[Start of Attachment]

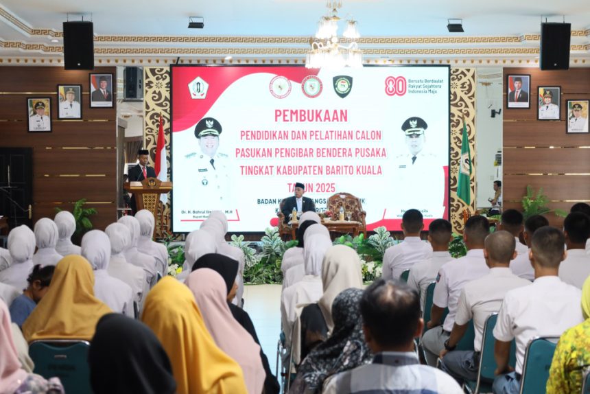 MARABAHAN,teladankalimantan.com– Wakil Bupati Barito Kuala (Wabup Batola), Herman Susilo, menghadiri sekaligus membuka secara resmi kegiatan Pemusatan Pendidikan dan Pelatihan Calon Pasukan Pengibar Bendera Pusaka (Paskibraka) dalam rangka HUT ke-80 Proklamasi Kemerdekaan Republik Indonesia (RI) Tingkat Kabupaten Batola Tahun 2025, di Aula Selidah Marabahan, Senin (28/07/2025).
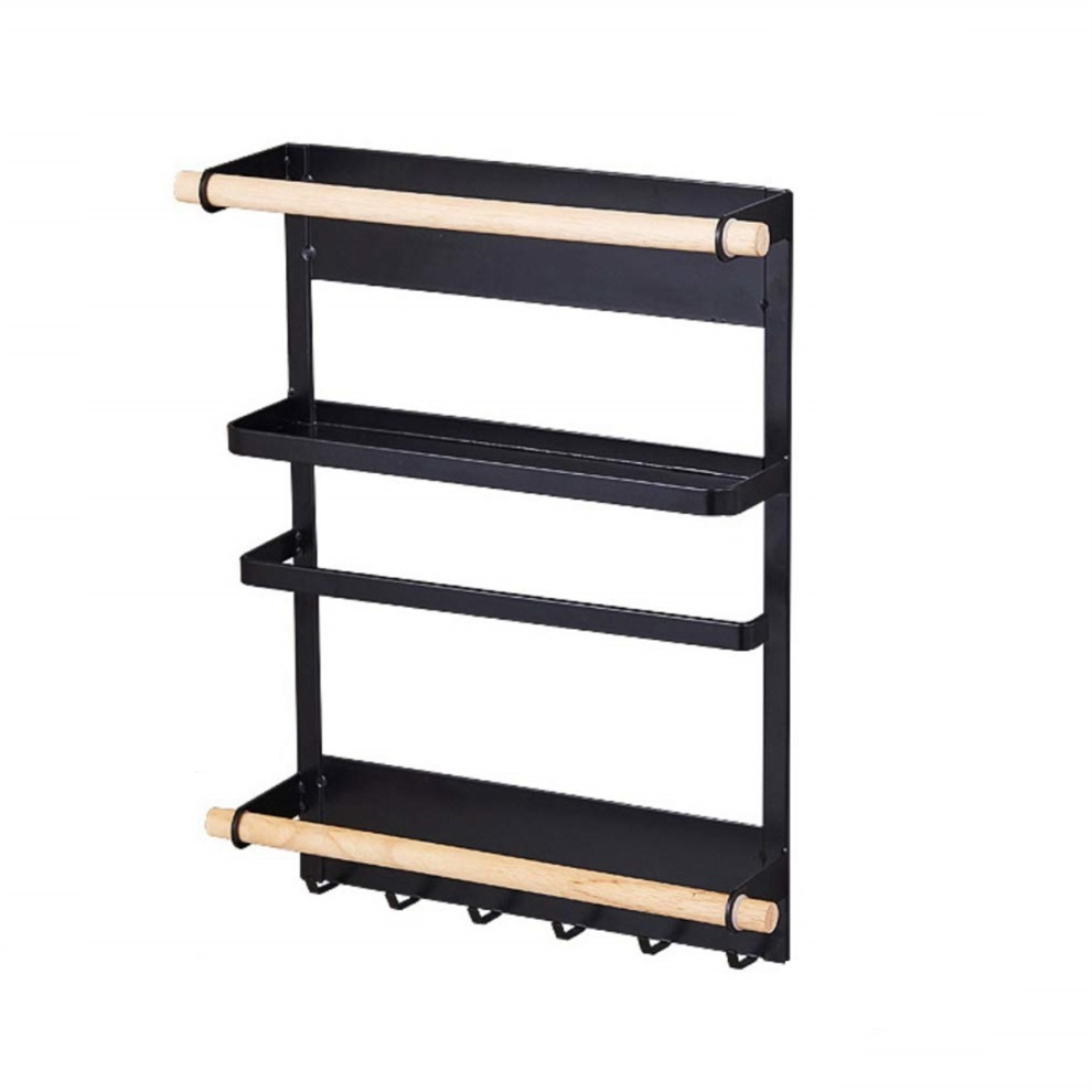 Fridge Door Wall Mount Magnetic Paper Towel Organizer Rustproof Spice Jars Cupboard Multipurpose Refrigerator, Black
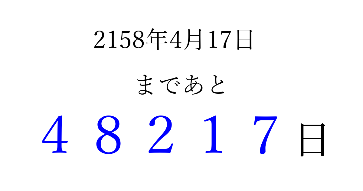 2158年4月17日(月)まで あと 99999 日です 追加すると、トップページからすぐ選べるようになります ※2026/04/12現在の結果です。 最新の状態に更新する ↓シェアして、タイムライン上にカウントダウンを表示しよう!↓ 📤 この結果を共有する Tweet シェア Threads Bluesky 別の日付でカウントダウン 2158年4月のカレンダー このページをブックマークに追加すると、いつでもカウントダウンを確認できます。 (PC: Ctrl+D / Mac: ⌘+D) hitome-notes.comでは以下のページも運営しています。 指定日と期間から日付を計算 | ガチャ確率計算・シミュレーション | プライバシー・ポリシー 運営者:Avocado
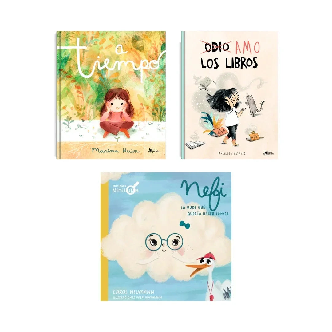 Descubre un mundo de reflexión, imaginación y perseverancia con este fascinante paquete que incluye "A tiempo", una cautivadora historia sobre disfrutar el presente; "Amo los libros", una aventura que fomenta la lectura y la imaginación; y "Nefi, la nube que quería hacer llover", un relato inspirador sobre esfuerzo y perseverancia. Estos libros, llenos de mensajes reflexivos y conmovedores, son perfectos para lectores de 4+ años que buscan inspiración en la simplicidad de la vida cotidiana y en el poder de la imaginación. Sumérgete en estas emocionantes historias y déjate llevar por sus encantadores mensajes.
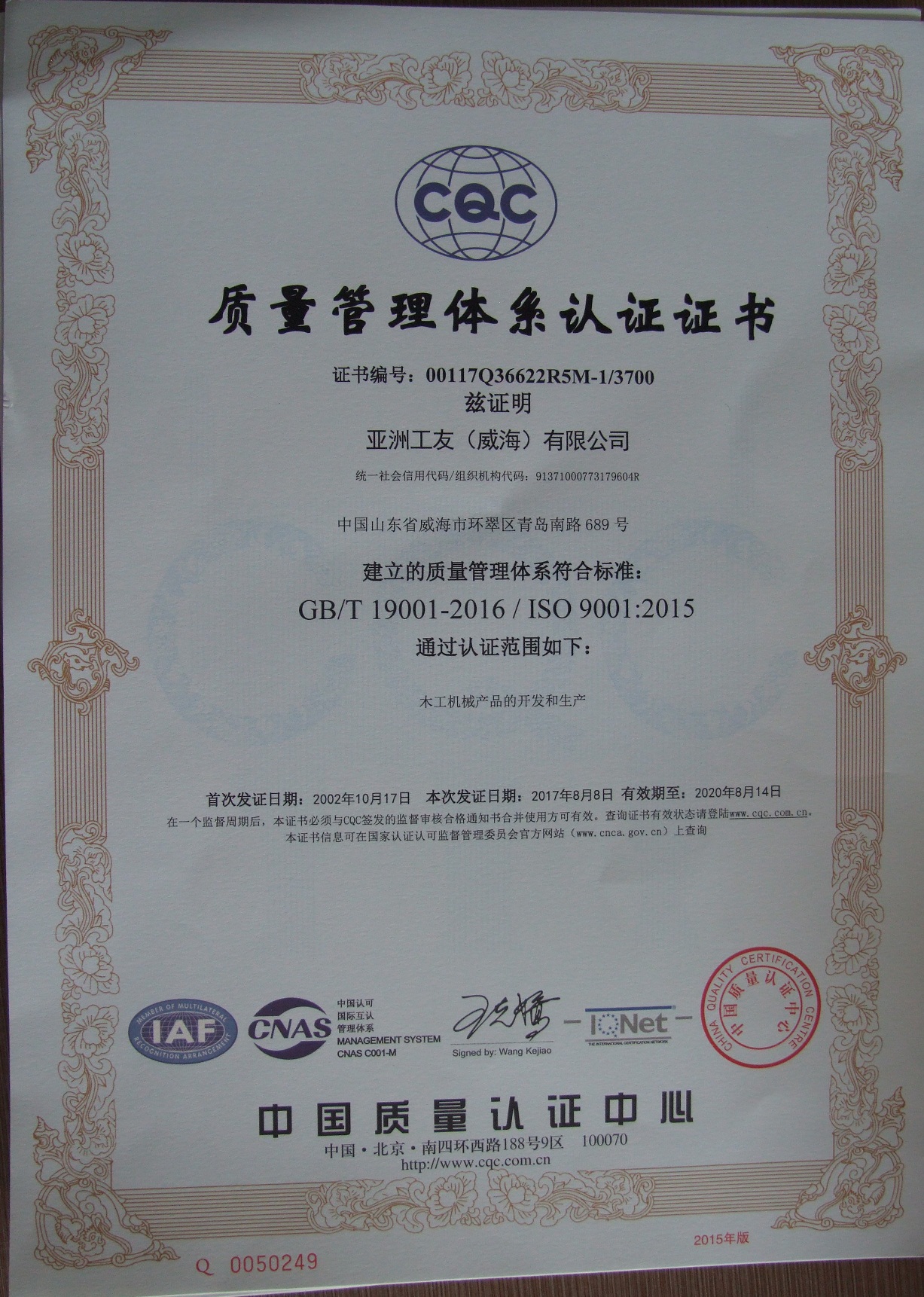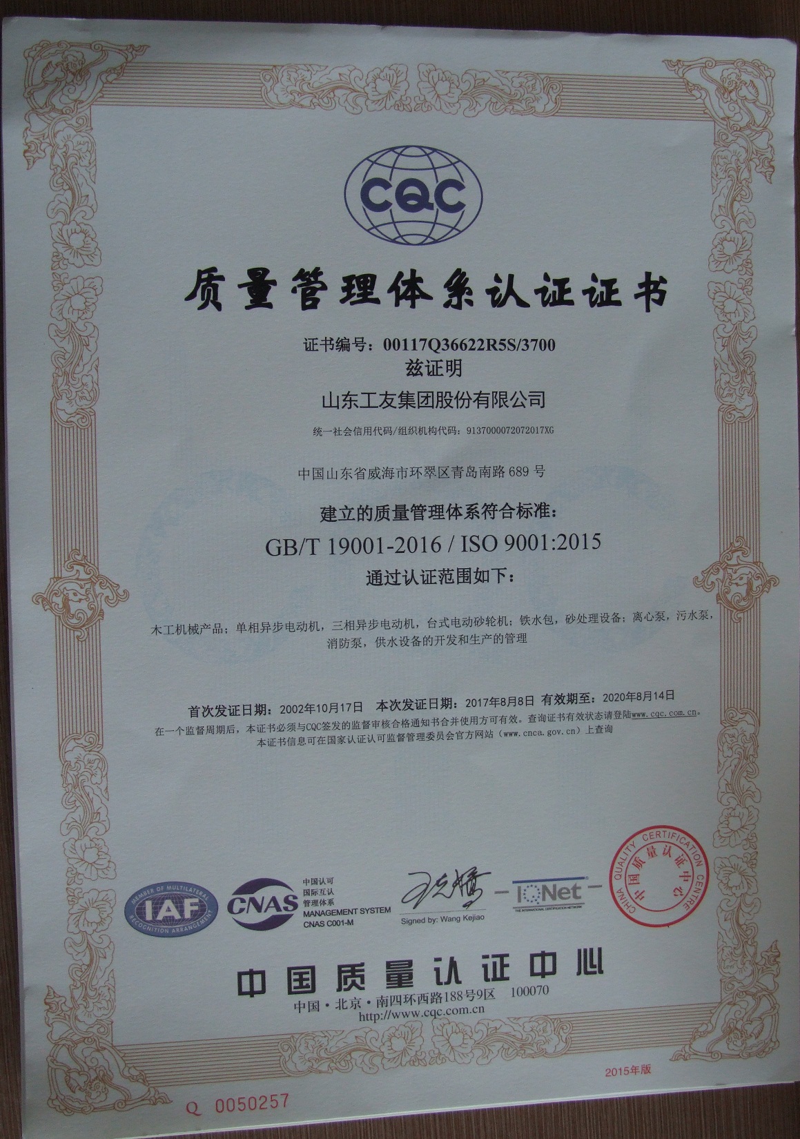 8月15日,公司收到了中國(guó)質(zhì)量認(rèn)證中心頒發(fā)的新版標(biāo)準(zhǔn)證書。至此,2017年體系換版換證的工作圓滿結(jié)束。
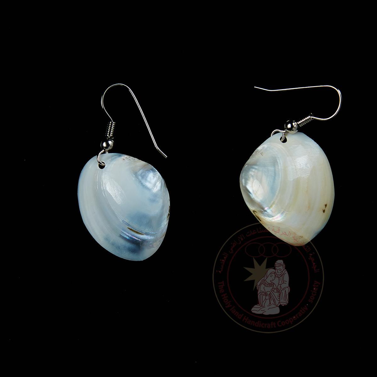 This set of mother of pearl earrings are designed in the shape of seashells, and were made by Bethlehem artisans.
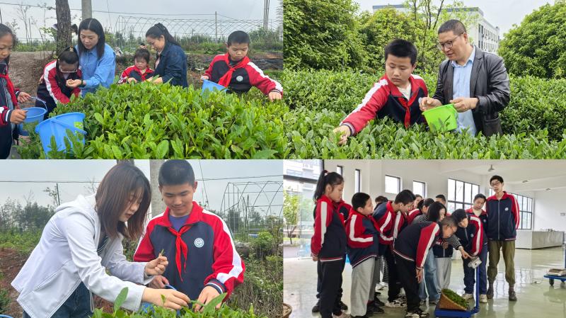 绘本阅读结束后,采茶实践环节正式启动。茶研所工作人员化身“茶技导师”,带领学生漫步茶园,细致讲解春茶的生长特点、采摘标准,亲手示范“一芽一叶”的标准采茶动作,耐心指导学生分辨茶芽、掌握采摘技巧。教师与工作人员以“陪伴导师”身份,实行一对一结对帮扶,手把手协助每一位学生完成采茶操作,帮助学生克服操作困难,在亲手采摘的过程中,感受劳动的快乐与收获的喜悦。采茶结束后,学生们带着自己的劳动成果参与鲜叶称重环节,“茶技导师”借助精准的称重工具,让学生亲手称量采摘的鲜叶,在直观操作中感知数量差异,同时培养学生的劳动成就感。

[End of Attachment]

Please output every line of the listing as it stands, and omit its images.

 MARABAHAN,teladankalimantan.com– Wakil Bupati Barito Kuala (Wabup Batola), Herman Susilo, menghadiri sekaligus membuka secara resmi kegiatan Pemusatan Pendidikan dan Pelatihan Calon Pasukan Pengibar Bendera Pusaka (Paskibraka) dalam rangka HUT ke-80 Proklamasi Kemerdekaan Republik Indonesia (RI) Tingkat Kabupaten Batola Tahun 2025, di Aula Selidah Marabahan, Senin (28/07/2025).
 Fridge Door Wall Mount Magnetic Paper Towel Organizer Rustproof Spice Jars Cupboard Multipurpose Refrigerator, Black
 2158年4月17日(月)まで あと 99999 日です 追加すると、トップページからすぐ選べるようになります ※2026/04/12現在の結果です。 最新の状態に更新する ↓シェアして、タイムライン上にカウントダウンを表示しよう!↓ 📤 この結果を共有する Tweet シェア Threads Bluesky 別の日付でカウントダウン 2158年4月のカレンダー このページをブックマークに追加すると、いつでもカウントダウンを確認できます。 (PC: Ctrl+D / Mac: ⌘+D) hitome-notes.comでは以下のページも運営しています。 指定日と期間から日付を計算 | ガチャ確率計算・シミュレーション | プライバシー・ポリシー 運営者:Avocado
 Descubre un mundo de reflexión, imaginación y perseverancia con este fascinante paquete que incluye "A tiempo", una cautivadora historia sobre disfrutar el presente; "Amo los libros", una aventura que fomenta la lectura y la imaginación; y "Nefi, la nube que quería hacer llover", un relato inspirador sobre esfuerzo y perseverancia. Estos libros, llenos de mensajes reflexivos y conmovedores, son perfectos para lectores de 4+ años que buscan inspiración en la simplicidad de la vida cotidiana y en el poder de la imaginación. Sumérgete en estas emocionantes historias y déjate llevar por sus encantadores mensajes.
 8月15日,公司收到了中國(guó)質(zhì)量認(rèn)證中心頒發(fā)的新版標(biāo)準(zhǔn)證書。至此,2017年體系換版換證的工作圓滿結(jié)束。
 This set of mother of pearl earrings are designed in the shape of seashells, and were made by Bethlehem artisans.
 绘本阅读结束后,采茶实践环节正式启动。茶研所工作人员化身“茶技导师”,带领学生漫步茶园,细致讲解春茶的生长特点、采摘标准,亲手示范“一芽一叶”的标准采茶动作,耐心指导学生分辨茶芽、掌握采摘技巧。教师与工作人员以“陪伴导师”身份,实行一对一结对帮扶,手把手协助每一位学生完成采茶操作,帮助学生克服操作困难,在亲手采摘的过程中,感受劳动的快乐与收获的喜悦。采茶结束后,学生们带着自己的劳动成果参与鲜叶称重环节,“茶技导师”借助精准的称重工具,让学生亲手称量采摘的鲜叶,在直观操作中感知数量差异,同时培养学生的劳动成就感。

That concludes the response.